Katniss Everdeen is on the cover of SFX in a brand new promotional image from The Hunger Games: Mockingjay Part 2. We’ve already teased some of Francis Lawrence’s comments on this final installment but now thanks to the-bleedinglove12 on Tumblr we now have scans of the article.
Francis Lawrence informs us on the immediacy of this last film and how there isn’t a seamless transition of Part 1 to Part 2 but rather “we jump right in” to the novel’s second half:
“This one is much more Katniss-centric and it’s much more faithful to the book. We really made the book.”

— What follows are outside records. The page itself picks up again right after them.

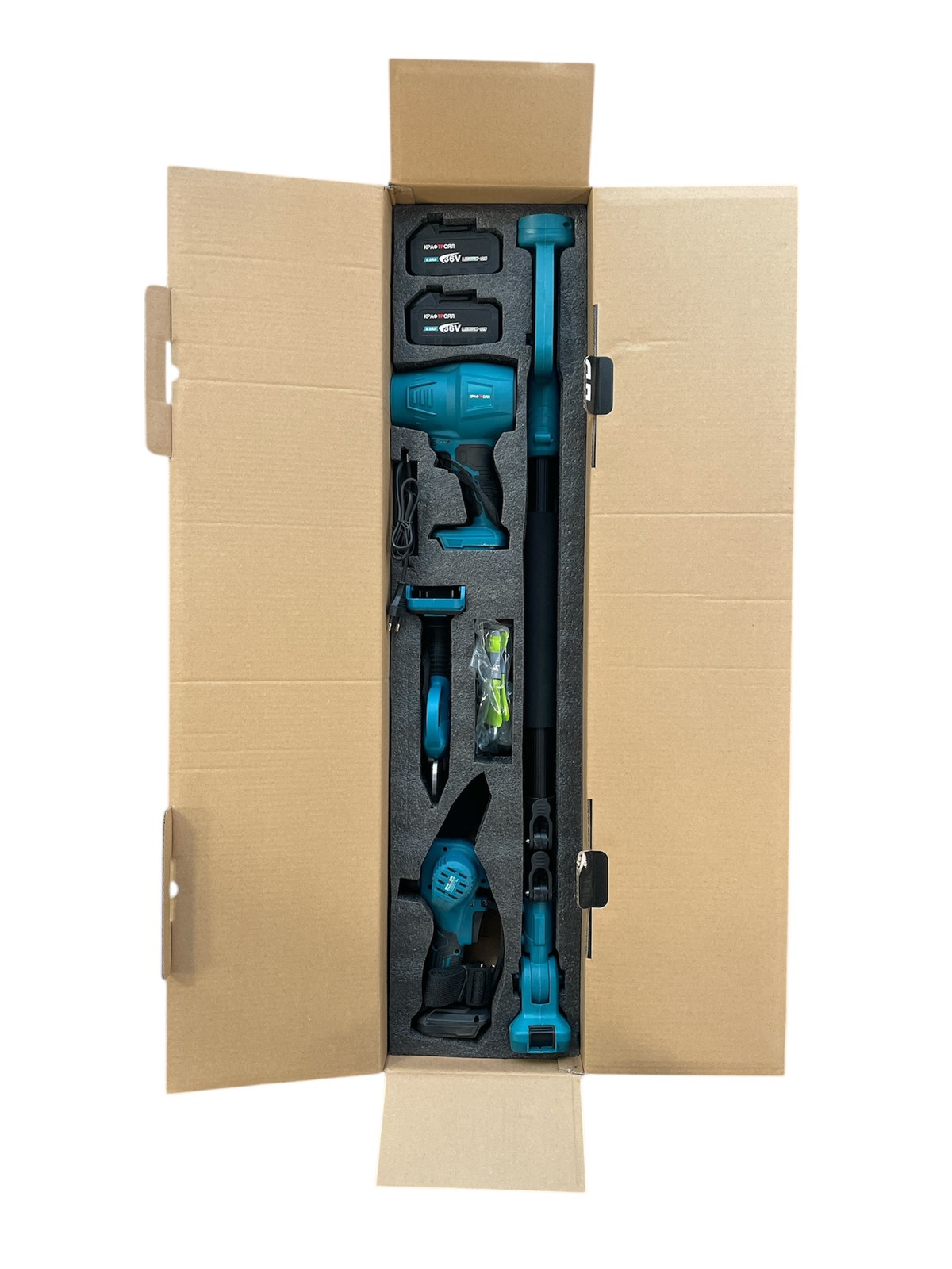 Доверете се на практичния акумулаторен комплект 4 в 1, създаден да улесни всяка дейност в градината. Съчетавайки електрическа лозарска ножица, мини верижен трион с 15 см шина и маслен филтър, телескопичен удължител до 2 м и мощен турбо въздушен пистолет (духалка), този комплект предлага пълно решение за подрязване, почистване и поддръжка на растения и дървета.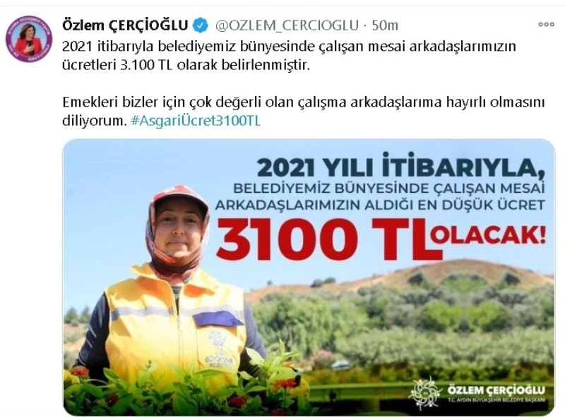 Aydın Büyükşehir Belediye Başkanı Özlem Çerçioğlu sosyal medya hesabından yaptığı paylaşımda, “2021 itibarıyla belediyemiz bünyesinde çalışan mesai arkadaşlarımızın ücretleri 3.100 TL olarak belirlenmiştir. Emekleri bizler için çok değerli olan çalışma arkadaşlarıma hayırlı olmasını diliyorum. Asgari Ücret 3100 TL.” ifadelerine yer verdi.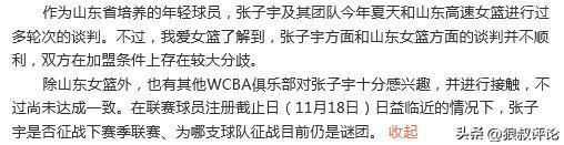 根据媒体人“我爱女篮”的爆料,张子宇新赛季能否顺利登陆WCBA目前仍有诸多不确定性。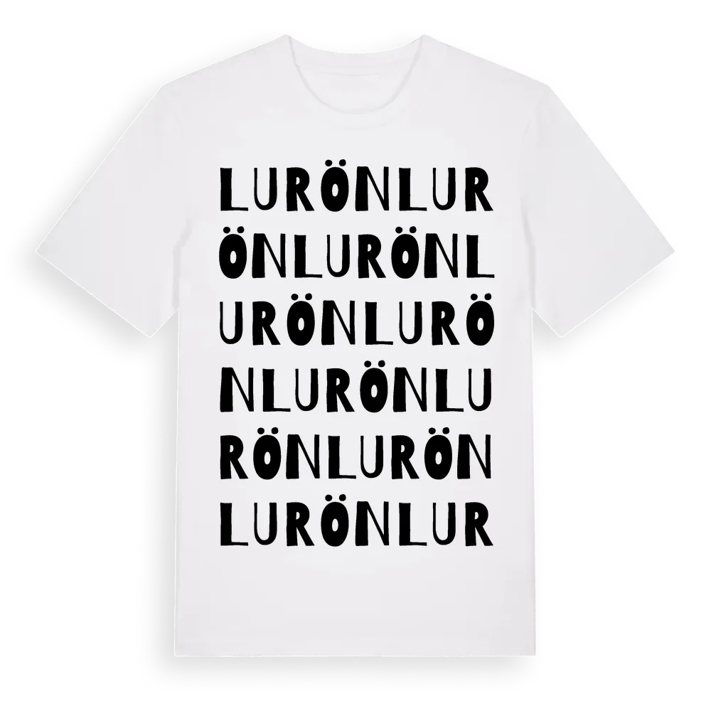 En ordlek byggd på Luröns namn. Subtilt och klurig – ett motiv som bara de som verkligen känner platsen fullt ut förstår. Premium bomull, unisex – från ön Lurön i Värmlands län.

Part 2 will be steeped in action yet remain all about the consequences of violence and the effects of war. Both Lawrence and Nina Jacobson keep to the same mantra from the beginning – to stick as closely to Suzanne Collins’ traumatic and bleak world as possible, as Jacobson reiterates:
“We’ve been faithful from the beginning and we’re never going to stop being faithful. It is the power of the series that Suzanne doesn’t pull her punches at the end. You may not get everything you wanted. As a reader you’re taken on a very emotional journey yet it feels deeply satisfying and complete as a story because of the choices she’s made. We were never going to pussy foot around the subject matter, just as we haven’t from the beginning. That was always the point of doing them – to follow her lead.”
Francis also gave exciting snippets about creating President Snow scenes to show what was happening in the Capitol camp:
“It was fun to create the world of Snow as the Capitol crumbles. It really helps in terms of his mindset. I thought a lot about ‘Downfall‘ – sitting in the bunker and watching Hitler fall apart. This is a very different version of it, and there’s a lot less Snow than that, but we had an opportunity that we got to play around with a little bit. And of course Katniss and her presence becomes a part of that story.”

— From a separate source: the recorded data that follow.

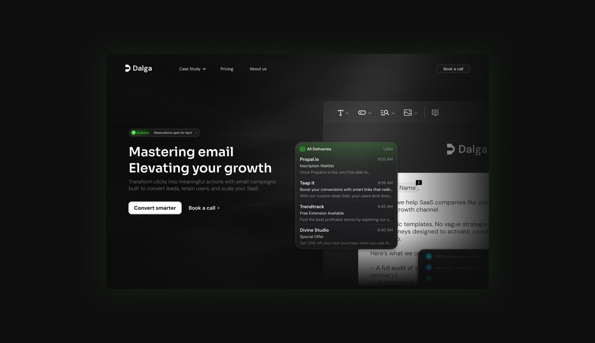 1 Jour : 1 Design Neuvième jour du challenge personnel. Aujourd’hui, j’ai travaillé sur une hero section pour la landing page d’une agence spécialisée dans l’emailing : @The_Dalga de @ekrem_hr L’objectif était de poser une accroche forte, claire, tout en gardant une vibe pro mais dynamique. Jour 9
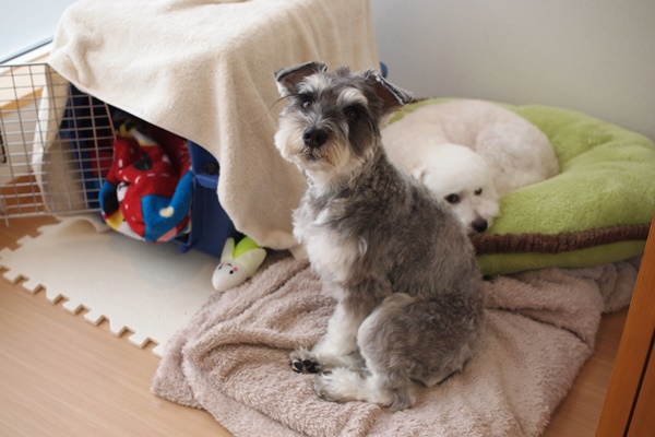 ミニチュアシュナウザーの福ちゃん&トイプードルのマハロちゃん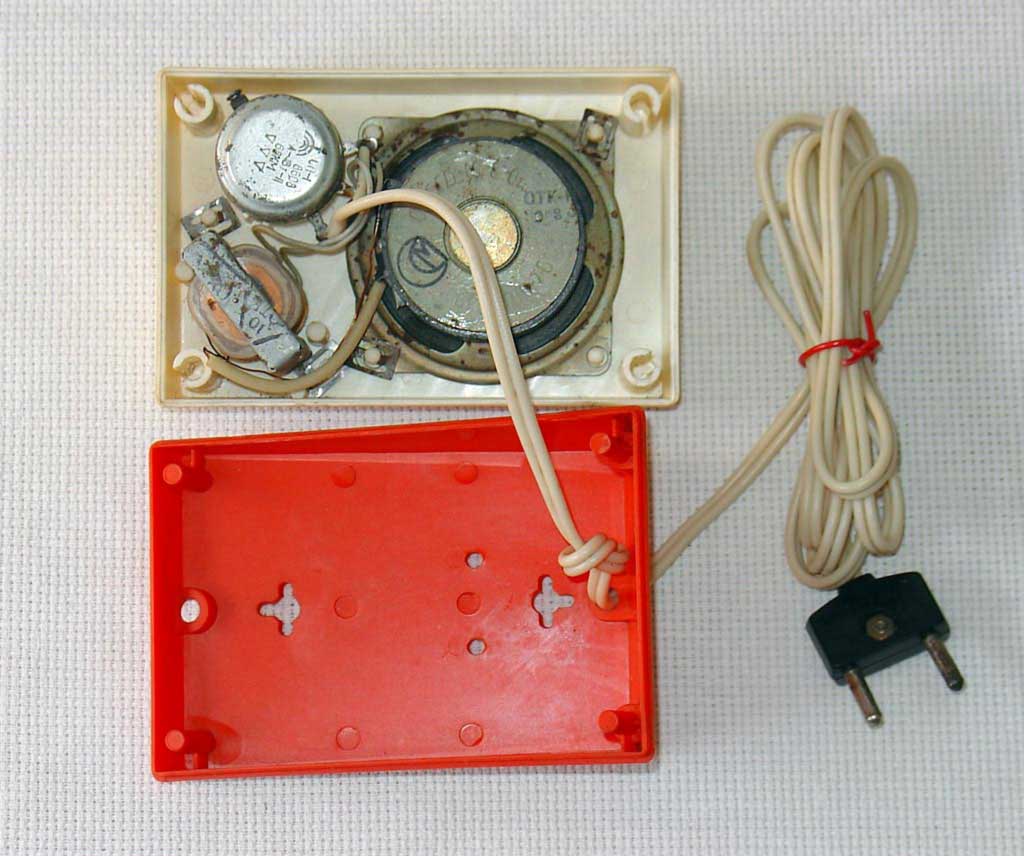Абонентский громкоговоритель (Игрушка-конструктор) "Громкоговоритель" с I-кв 1986 года выпускал Нальчикский завод полупроводниковых приборов. Конструктор предназначен для развития трудовых и радиолюбительских навыков у детей в возрасте 12...15 лет и помогает развитию технического творчества и расширению кругозора. От себя добавлю, что не очень то улучшались радиолюбительские навыки у школьника который собирал подобную конструкцию, разве что он продвигался в познаниях несколько дальше лампочки с батарейкой к карманному фонарю. Но всё таки следует отдать должное заводу, как он мог уложиться в отпускную цену громкоговорителя 3 рубля 85 копеек, когда в розницу элементы стоили 10 руб? Добавлю так же что такие конструкторы продавались в торговой сети почему то и в собранном виде по цене 7 рублей, (стоял штампик) но с руководством конструктора игрушки. Конструктор выпускался в нескольких вариантах конструктивного и внешнего оформления.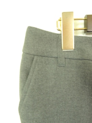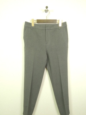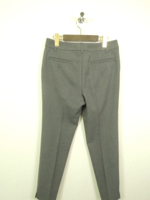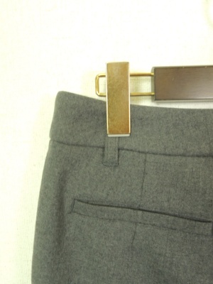 センタープレスのストレートパンツ 裏地なし、裾脇にスリット入り、 ダークブラウン(9号)着用写真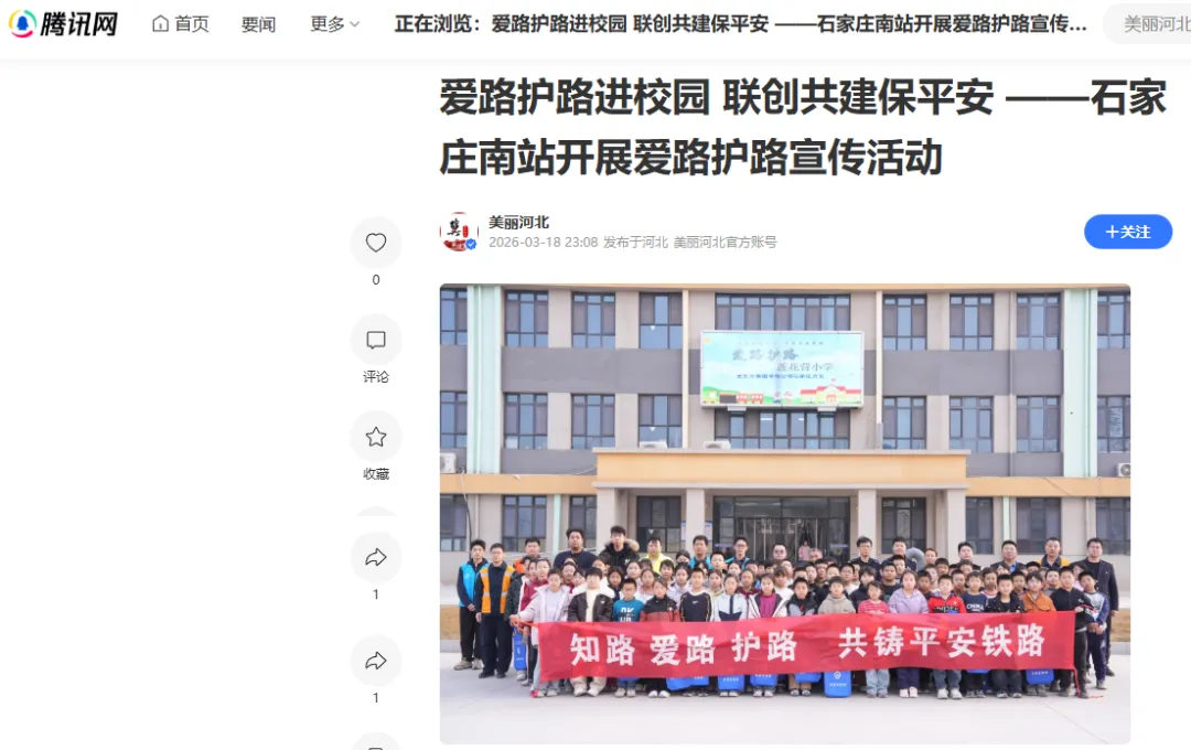 2026年3月18日,在腾讯网美丽河北发表《爱路护路进校园 联创共建保平安——石家庄南站开展爱路护路宣传活动》图片新闻一篇。内容为车站深入校园开展爱路护路宣传,通过案例讲解与互动问答,为师生送上铁路安全知识,筑牢路外安全防线。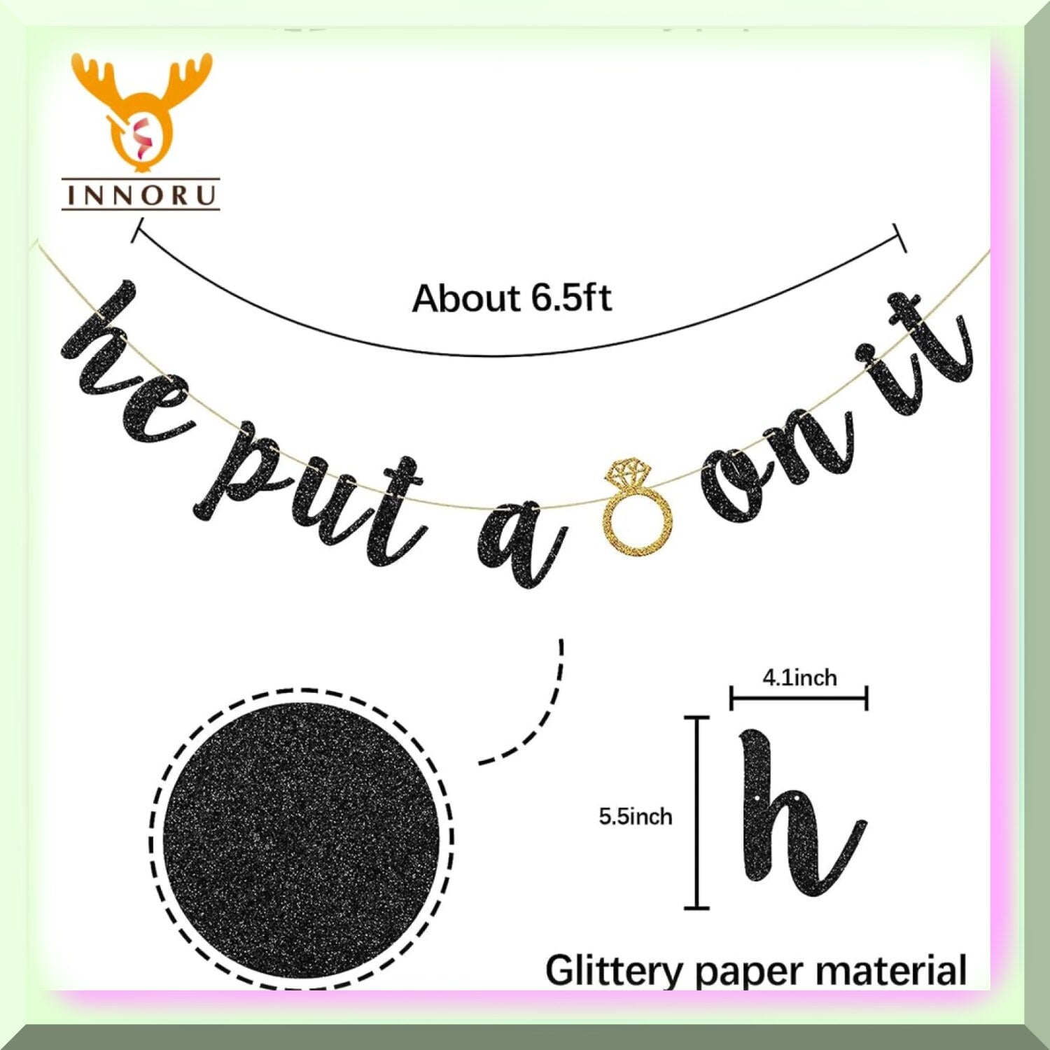Celebrate your special moments with this glittering "Ring On It" celebration banner, perfect for engagement parties, bridal showers, and bachelorette events. Featuring dazzling black glitter letters and a stunning gold ring pattern, this banner creates a captivating backdrop that adds elegance and charm to any occasion. Easy to assemble with separate ribbons and cards, it takes just two minutes to set up. Its aesthetic design exudes sophistication, making it a beautiful centerpiece for photos and celebrations alike. The versatile style seamlessly transitions from engagement shoots to bridal showers, enhancing the atmosphere with intricate details and delicate craftsmanship. Whether capturing playful, heartfelt, or glamorous moments, this banner elevates the event, creating memorable experiences filled with joy and laughter. Its vibrant and lively appearance encourages fun and spontaneous photos, making every celebration truly enchanting. Add this exquisite piece to your event decor and cherish the timeless memories it helps create.

The director also confirmed the difficulty of ever expanding this world without Katniss and the need to have another story coming straight from Suzanne Collins. And of course, he delved in to the tone of that epilogue. Will it be as dark and bitter sweet as the novel or in good old Hollywood fashion focus on the happy ending?
“I’m pretty happy with the way this movie ends. Yes, the book has a bleak ending. And we are making the book. But there’s a way of landing the movie where the scarifices that people have made should not be for nothing. And yet those people will forever be changed and damaged because of what’s happened. Ideally we’re landing in that zone.”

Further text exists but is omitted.